00:00:11Jika Anda pengguna Mac, Anda akan sangat bersemangat. OMLX pada dasarnya
00:00:16mencoba mengatasi hambatan terbesar pada perangkat keras lokal, yaitu pajak memori.
00:00:21Di video ini, kita akan melihat OMLX, cara kerjanya, melakukan uji coba, dan
00:00:27membandingkannya dengan pemain besar, LM Studio, untuk melihat apakah alat baru ini
00:00:33bisa menjadi masa depan model AI lokal di Mac. Bakal seru, mari kita mulai.
00:00:39Jadi, apa sebenarnya OMLX itu? Intinya, ini adalah runtime yang dibangun khusus
00:00:49di atas kerangka kerja MLX Apple dan tidak seperti alat umum lainnya,
00:00:55MLX dibuat khusus oleh tim Apple Silicon untuk memanfaatkan arsitektur memori terpadu
00:01:02yang mentenagai Mac. Pada PC tradisional, CPU dan GPU Anda memiliki memori terpisah,
00:01:09artinya data seperti bobot model harus terus disalin bolak-balik melalui bus PCI.
00:01:16Tapi MLX menghilangkan penyalinan itu sepenuhnya. Karena CPU dan GPU berbagi
00:01:22memori fisik yang sama, MLX menggunakan array “zero copy”. Saat GPU selesai menghitung,
00:01:29CPU bisa langsung membaca hasilnya tanpa memindahkan satu byte pun. OMLX juga menggunakan
00:01:36komputasi malas, artinya ia tidak mengeksekusi operasi matematika sampai detik terakhir
00:01:41saat output dibutuhkan, yang memungkinkannya mengoptimalkan grafik kalkulasi secara cepat.
00:01:47Namun perbedaan OMLX dengan pengaturan LM Studio standar adalah cara pengelolaan KV cache.
00:01:54Dalam sesi LLM tipikal, setiap kata dari riwayat percakapan harus diingat di RAM.
00:02:01OMLX memperkenalkan sistem dua tingkat. Ia menyimpan konteks terdekat di memori
00:02:07terpadu untuk kecepatan, tapi membekukan bagian percakapan lama, seperti prompt sistem,
00:02:12lalu memindahkannya ke SSD Anda. Jika dibandingkan dengan LM Studio, perbedaannya langsung terasa.
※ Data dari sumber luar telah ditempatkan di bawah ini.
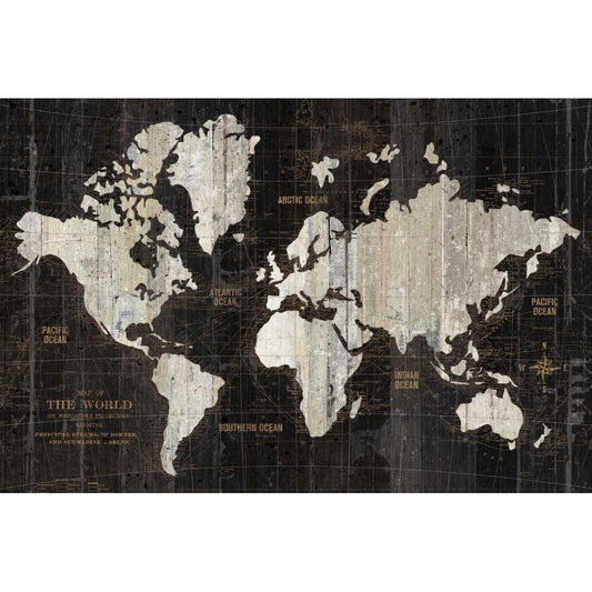 Map of the World Industrial No Words Gold Ornate Wood Framed Art Print with Double Matting by Schlabach, Sue
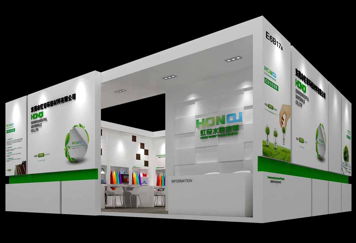 91视频影院展览工厂为虹奇皮革参加2013上海皮革展提供展台制作搭建服务。
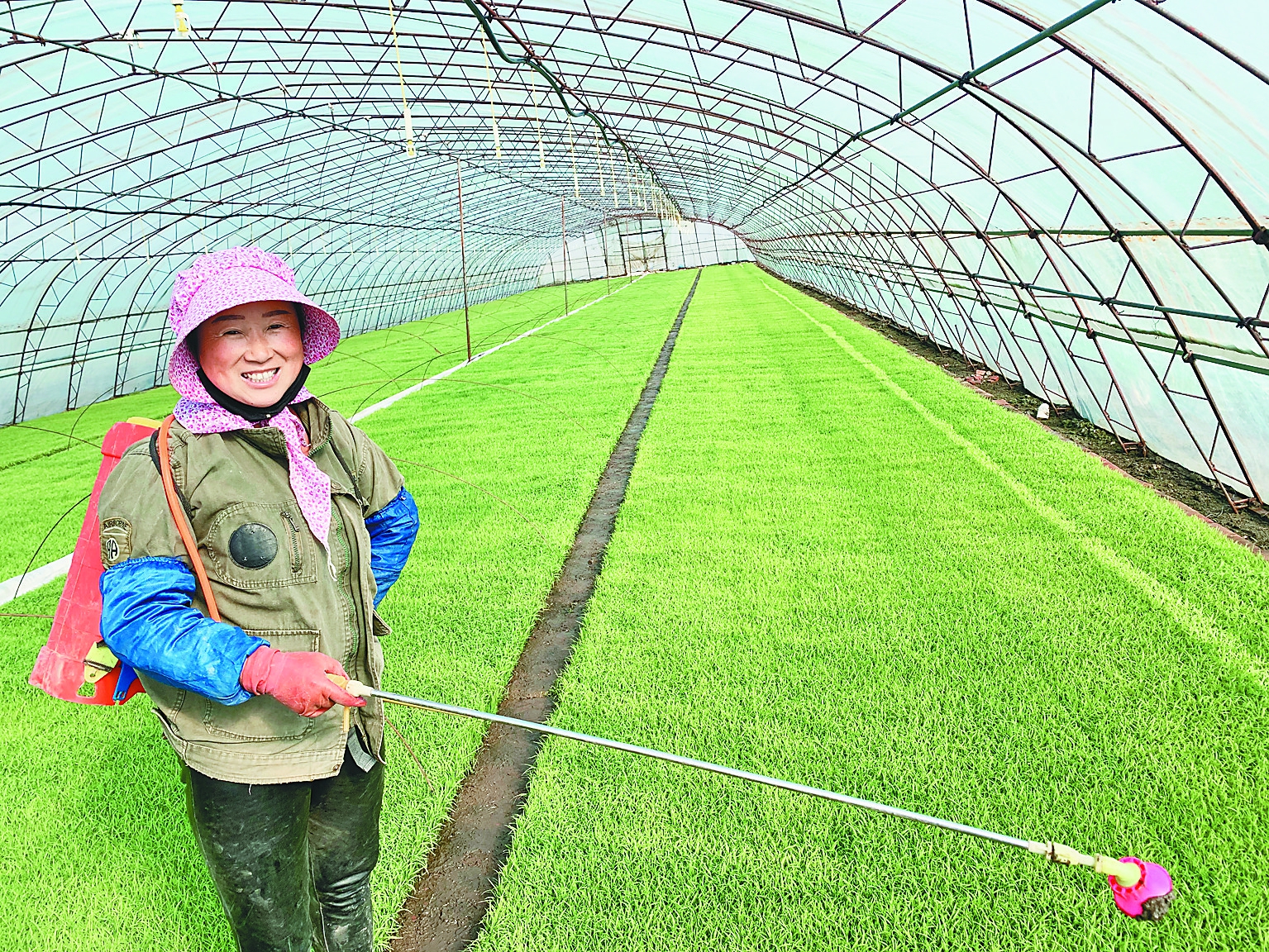 建三江管理局高质量、高标准、高效率展开今年1000万亩水稻的插秧工作。面对长势良好的秧苗,农民露出了喜悦的笑容。 祖守和陈志伟摄
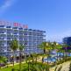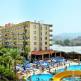 Отель занимает площадь в 9450 кв.м. Территория отеля большая и озелененная. В отеле достаточное количество стандартных номеров, каждый из них оснащен мебелью и техникой: удобные кровати, телевизор с российским каналом, телефон, индивидуальный кондиционер, душевая, фен и балкон. Надежный сейф и мини-бар – платно. Номера убирают каждый день, а смена белья – 2 раза в неделю. Гости могут воспользоваться бесплатными и платными услугами. Джакузи, сауна и услуги массажа за определенную дополнительную плату, а также бильярд, парная, игровые автоматы, водные виды спорта. Бесплатные услуги: фитнес, хамам, настольный теннис и занятия в тренажерном зале. Для маленьких туристов: несколько бассейнов для малышей, детская площадка и детский клуб для детей дошкольного и школьного возраста. Каждый день для гостей отеля организовывается анимации и вечерняя платная дискотека. В главном ресторане разнообразное и вкусное меню. Отель работает по системе «все включено». Отдыхающие могут насадиться полноценным трехразовым питанием и напитками из местного бара. На территории отеля находятся парикмахерская и SPA-центр, прачечная, магазины, 2 конференц-зала, открытые бассейны, надувные водные горки и услуги врача. Некоторые из перечисленных услуг платные. Пляж находится через дорогу от отеля в 3-5 минутах ходьбы. Лежаки, солнцезащитные зонты и матрасы предоставляются бесплатно.
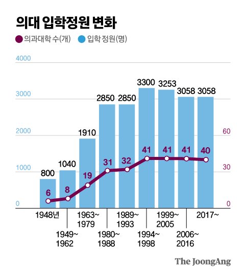 3.한국은 1960년대 초, 1980년대 초 두 차례 각각 1,000명 정도씩 늘었다. 이후 30년 넘게 변화 없었다. 이번 증원으로 1,500명 정도가 늘어난 2025학년도 정원은 4,487명. 의대 신입생 1인당 인구 1만 1,500명 정도.
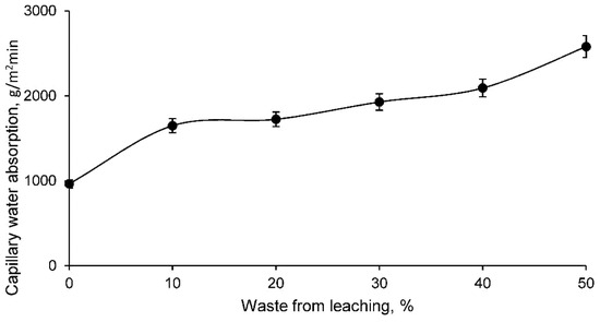 As expected from the results of linear shrinkage and weight loss, the capillary water absorption of the clay-conformed ceramics families and the leaching residue is higher the higher the percentage of waste. Consequently, there is a more open structure in the ceramics with leaching residue, in which there is a series of interconnected pores capable of absorbing a higher percentage of water by capillary action.
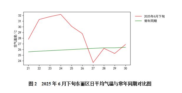 预计本旬中前期多降雨过程,气温较常年偏高(历史同期26.9℃),降雨量较常年偏多(历史同期27.9毫米)。
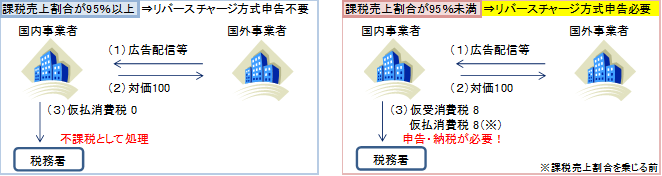 国内事業者が「事業者向け電気通信利用役務の提供」を国外事業者から受けた場合、本来はその国外事業者が納付するべき消費税を、国外事業者に代わって国内事業者が申告・納税を行う方法をリバースチャージ方式といいます。ただし、課税売上割合が95%以上の事業者は、当面の間、リバースチャージ方式により申告する必要はなく、従来と同様に消費税不課税取引として処理することになります。
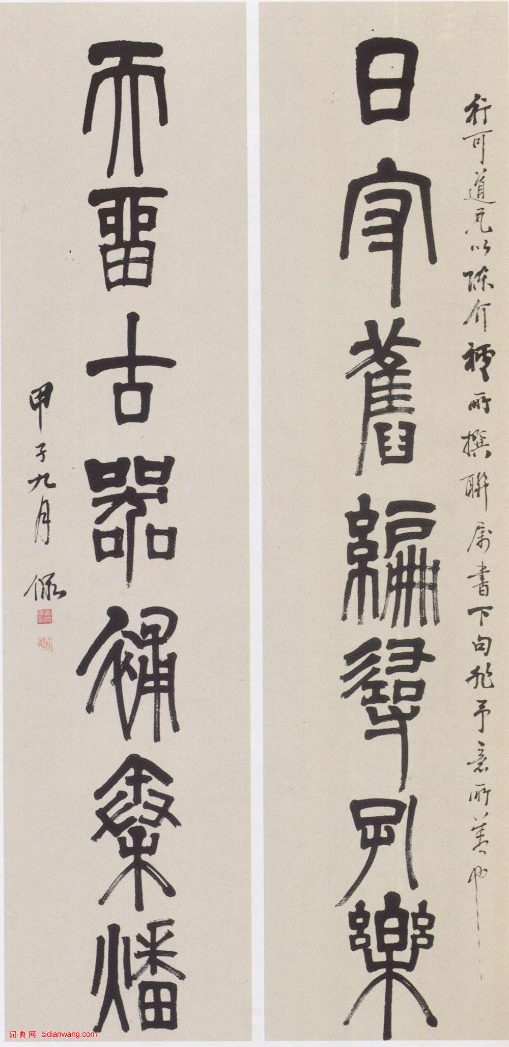 款署:行可道兄以陳介祺所撰聯屬書,下句非予意所善也。甲子九月,侃。
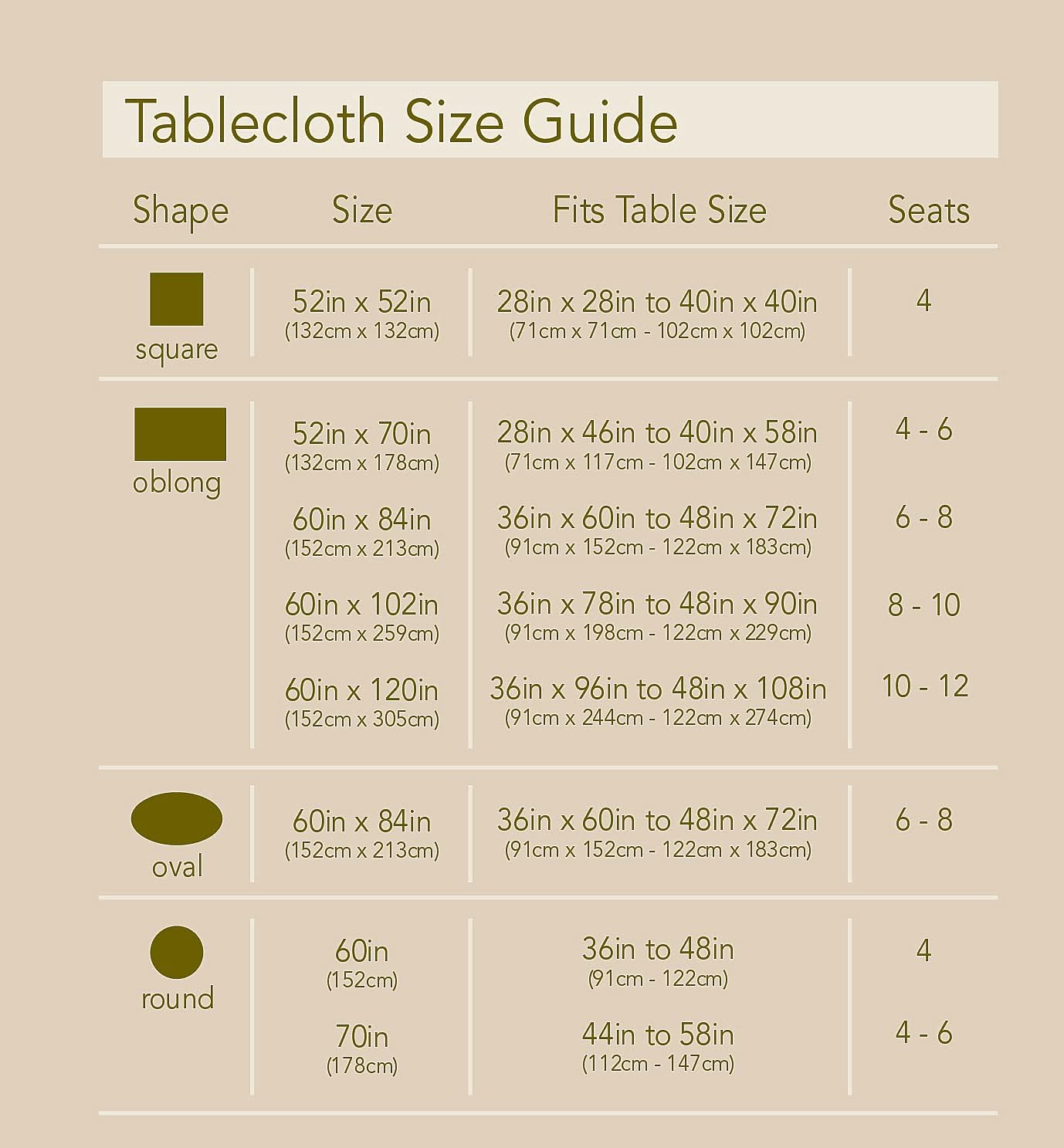 SIZING: 60″ x 84″ Oval (152 x 213cm) – Fits tables from 36 Inch x 60 Inch to 48 Inch x 72 Inch and Seats 6 to 8 People – Oval

00:02:19Ya, itu sangat stabil dan kompatibel, tapi masalahnya ia ingin menahan seluruh
00:02:23riwayat memori dalam keadaan aktif. OMLX lebih seperti sistem operasi modern.
00:02:30Ia cukup pintar untuk tahu data mana yang perlu ada di otak sekarang dan apa yang bisa di-page ke disk.
00:02:36Mari kita jalankan OMLX dan mencobanya. Antarmukanya cukup intuitif.
00:02:41Kita langsung mendapatkan jendela untuk menentukan lokasi server dan langsung meluncurkannya.
00:02:47Setelah itu, kita diminta memasukkan kunci API. Mari kita lakukan. Dan akhirnya,
00:02:53kita sampai di dasbor ini, yang merupakan titik masuk utama untuk server OMLX Anda.
00:03:00Dari sini, saya sudah mengunduh model Qwen 3.6 35 miliar parameter 4-bit untuk pengujian.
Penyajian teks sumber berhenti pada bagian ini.